The General Court states, however, that the test relating to the existence of difficulties in interpreting the applicable legislation can apply only on condition that those difficulties are temporary and that they form part of a process of gradual clarification of legislative provisions. The Commission did not refer to the temporary and inherent nature of the gradual clarification of legislative provisions and difficulties of interpretation, although those two conditions must be satisfied in order for it to be possible to reach a finding that there are no State resources. As regards the temporary nature of any difficulties in interpreting the applicable legislation, the General Court notes that the Commission does not refer to any particular circumstance capable of justifying the continuation of such uncertainty from 2005, or even 2003. Furthermore, as regards the inherent nature of the gradual clarification of the difficulties in interpreting the applicable legislation, it is noted that there is nothing in the documents before the General Court to suggest that such difficulties were in the process of being resolved.

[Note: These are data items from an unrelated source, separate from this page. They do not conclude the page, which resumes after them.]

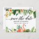Caligrafia Elegante Moderna, Coral Tropical de Watercolor Floral e Casamento Verde Salvem o Cartão-Postal
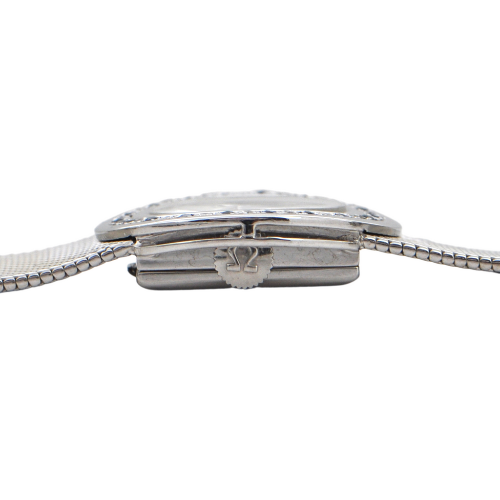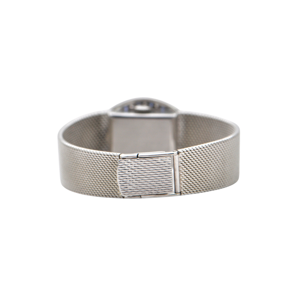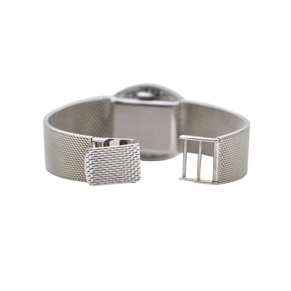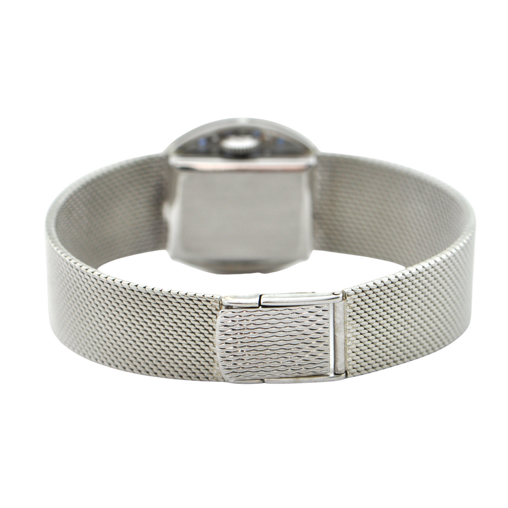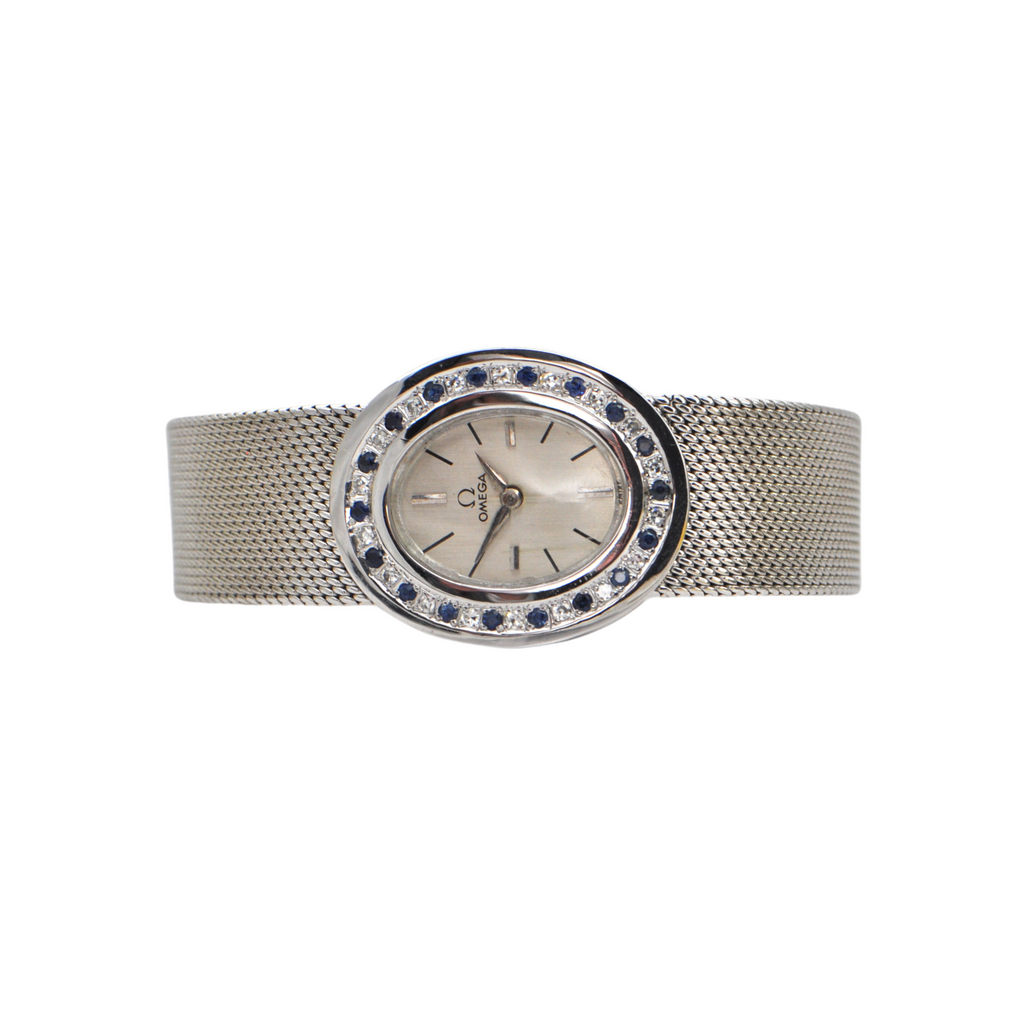 Elegant vintage Omega 18k white gold watch with a bezel accented in diamonds and sapphires c.1960's. Band is tightly woven shark mesh and attaches with a jewelry fold over clasp.
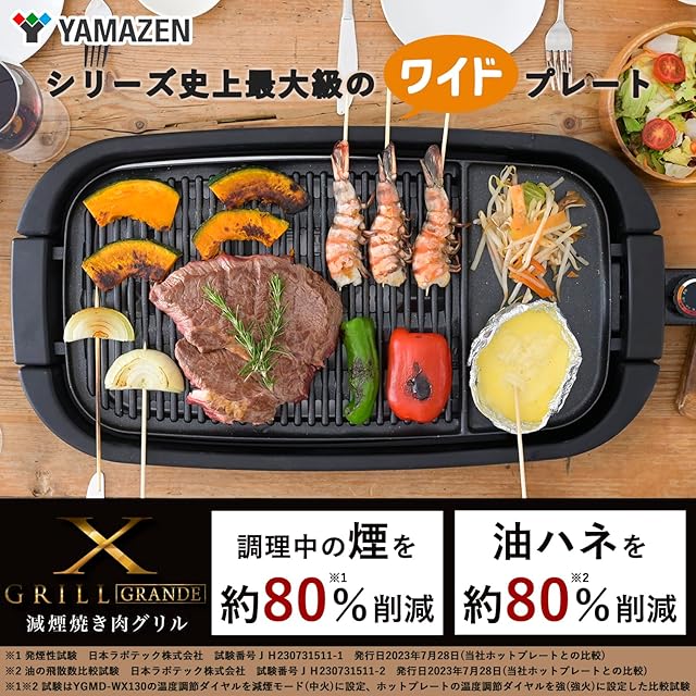 [山善] 焼き肉グリル 減煙 ワイドプレート XGRILL GRANDE「素早く、美味しく焼ける」 煙約80%/油ハネ約80%カット 高火力 (温度調節 約80~250℃) 保温 焼き肉プレート 油受け皿付き 簡単お手入れ YGMD-WX130(B)
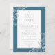Elegante salva a data de casamento floral azul e prata. Personalize com seus nomes e detalhes especiais do casamento em texto prateado chique. O verso apresenta um lindo padrão floral prateado. Desenhado por Thisisnotme©
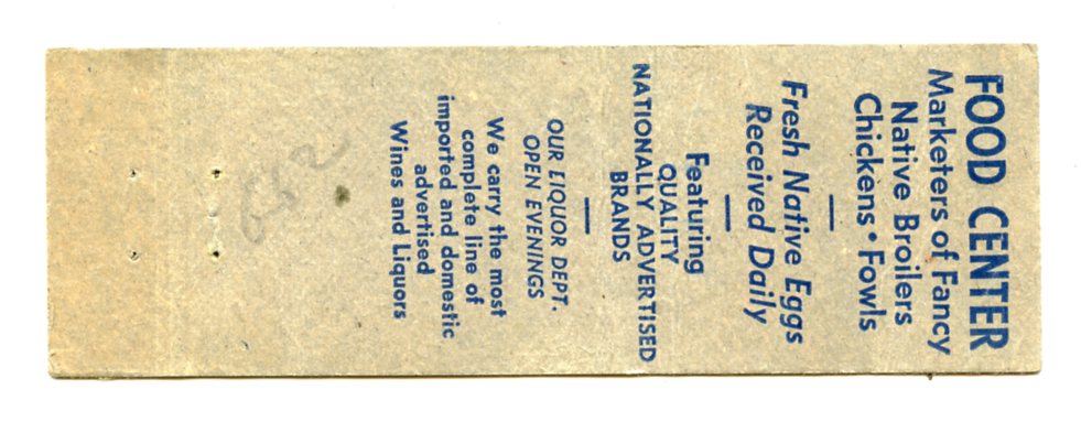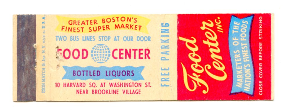 Food Center, Bottled Liquors, Brookline, MA [Matchbook Cover]
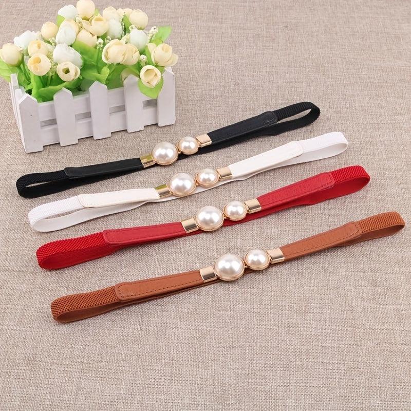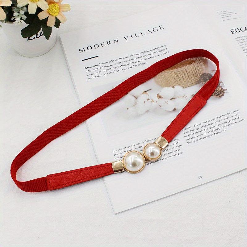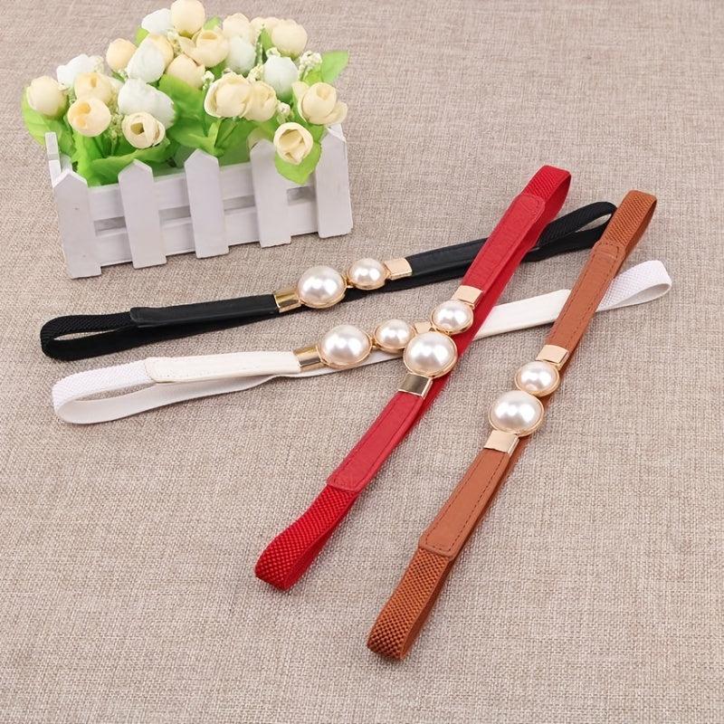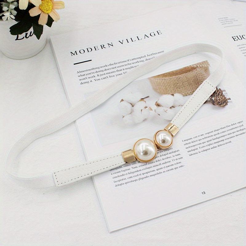 Add a touch of elegance to your outfits with this faux pearl buckle belt made of high-quality PU leather. It is perfect for both dressy and casual occasions.
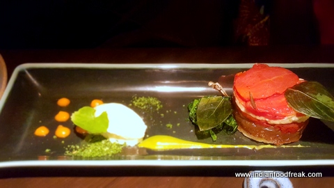 Steak tartare Rs.310 – Mustard ice cream, toasted baguette – Refreshingly simple and delicious, the herbs and slight lemony zing in the tartare felt so beautiful and the ohhh so creamy mustard ice cream was simply divine. Truly multi-dimensional.

Consequently, the General Court holds that the Commission erred in law in concluding that the condition relating to State resources was not satisfied without examining whether the difficulties of interpretation on which it relied were temporary and inherent in the gradual clarification of the legislative provisions. That finding constitutes evidence from which it may be concluded that the Commission was not in a position to overcome, at that preliminary stage, all the serious difficulties encountered in determining whether the non-charging of the deposit and the non-imposition of a fine constituted State aid. Since other evidence of serious difficulties which the Commission could not overcome at the preliminary examination stage were identified, the General Court annuls the contested decision in its entirety.
1 The Verordnung über die Vermeidung und Verwertung von Verpackungsabfällen (Verpackungsverordnung) is an ordinance of 21 August 1998 on the prevention and recycling of packaging waste (BGBl. 1998 I, p. 2379).
2 European Parliament and Council Directive 94/62/EC of 20 December 1994 on packaging and packaging waste (OJ 1994 L 365, p. 10).
3 Commission Decision C(2018) 6315 final of 4 October 2018 concerning State Aid SA.44865 (2016/FC) – Germany – Alleged State aid to German beverage border shops.